I am after some hydrogels where the stiffness of the matrix can be tuned, the hydrogel needs to be biocompatible as it will be used for cell culture with neural cells.
Hi Jess,
For creating 3D structures from cell culture, please try natural reagents which produce "Fibrin clot".
Hope the following protocol helps(Plasma & thrombin method):
For specimens not in formalin:
1. Spin down fluid at 2,500 rpm for 10 minutes.
2. Pour off the supernatant
3. Add plasma and thrombin
a. For a small pellet, add 3 drops of plasma and 3 drops of thrombin.
b. For a large pellet, add 4 drops of plasma and 4 drops of thrombin.
4. Shake or vortex well.
5. Spin down fluid again a 2,500 rpm for 10 minutes.
6. Very gently shake the tube. The pellet may come loose, however a spatula or pipet may be used to careful peel/push the pellet away from the tube to dislodge it. Do not disrupt the pellet significantly.

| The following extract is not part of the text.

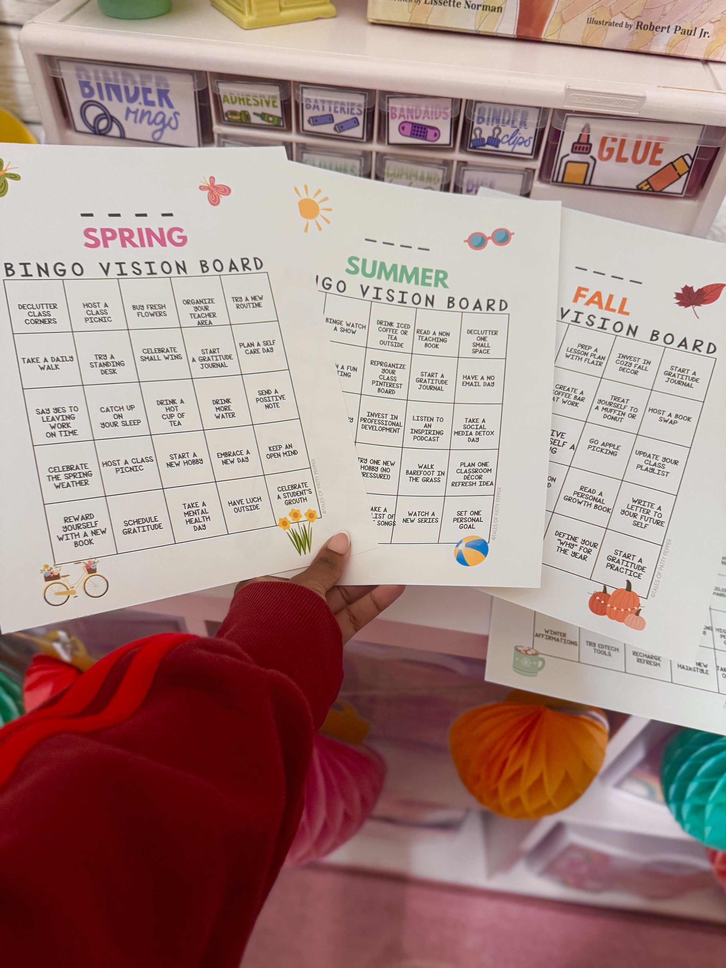 These Seasonal Vision Bingo Boards are designed to align with the natural rhythms of teaching and life. Each one includes relatable, achievable tasks that help you reset and refocus without feeling overwhelmed.

a. If the pellet breaks up/falls apart, add 1 drop of plasma and 1 drop of thrombin, shake/vortex and re-spin down.
7. Pour the pellet into a mesh bag.
8. Immediately immerse the pellet in formalin. The pellet should not be allowed to air dry.
9. The pellet should be left in formalin for a minimum of 3 hours. Ideally it should be embedded within 24 hours of the start of fixation.

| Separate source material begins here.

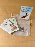 Each card has a positive affirmation along with an Australian animal design. The set also includes a wooden stand to display your daily or weekly affirmation along with a drawstring calico tote bag.

For specimens in formalin:
1. Spin down fluid at 2,500 rpm for 10 minutes.
2. Pour off the supernatant (formalin)
3. Pour 5 – 10 mL of RPMI into the tube. Shake.
4. Spin down fluid at 2,500 rpm for 10 minutes.
5. Pour off the RPMI.
6. Proceed with the usual cell block preparation above (step 3).
Parimi
Hi, have you tried making your own and playing on concentration or crosslinker?
Hi It depends on how you want to vary it and how much. If you don't mind changing the concentration then any of the commercially available hydrogels such as collagen, fibrin etc will work. If you are concerned with concentration variation, then you can also take the above and crosslink (with the more non-toxic linkers if you are culturing cells) to different degrees.
Commercial company called Biogelx (www.biogelx.com) provide a good product.
Not associated with them but we have used and they work.
Lifecore has a HA hydrogel product - http://www.lifecore.com/research-products/hydrogels
I am not sure how neurons behave in this material. There are definitely a lot of commercially available hydrogels to choose from, though (collagen, matrigel, peptide-based, HA, fibrin, etc).
Also, I am not associated with this company, I have worked with nonfunctionalized HA from Lifecore in the past.
I would recommend HyStem, earlier Extracel, products. You mix hyaluronan to gelatin and crosslink them with PEG. The company provide readily calculated tables how you can modify the mechanical properties. This gel is easy to use and gently for your cells. In addition its very transparent and good for microscopy. You can break the gel just mechanically pipetting up and down or use enzyme digestion.
The viscosity of GrowDex, nanofibrillar cellulose hydrogel, can be simply modified by adjusting the concentration.
Your choice depends a lot how sensitive cells you are planning to use, and what analysis planning to run. If you use cell line the hydrogel could be less physiological e.g. PEG only.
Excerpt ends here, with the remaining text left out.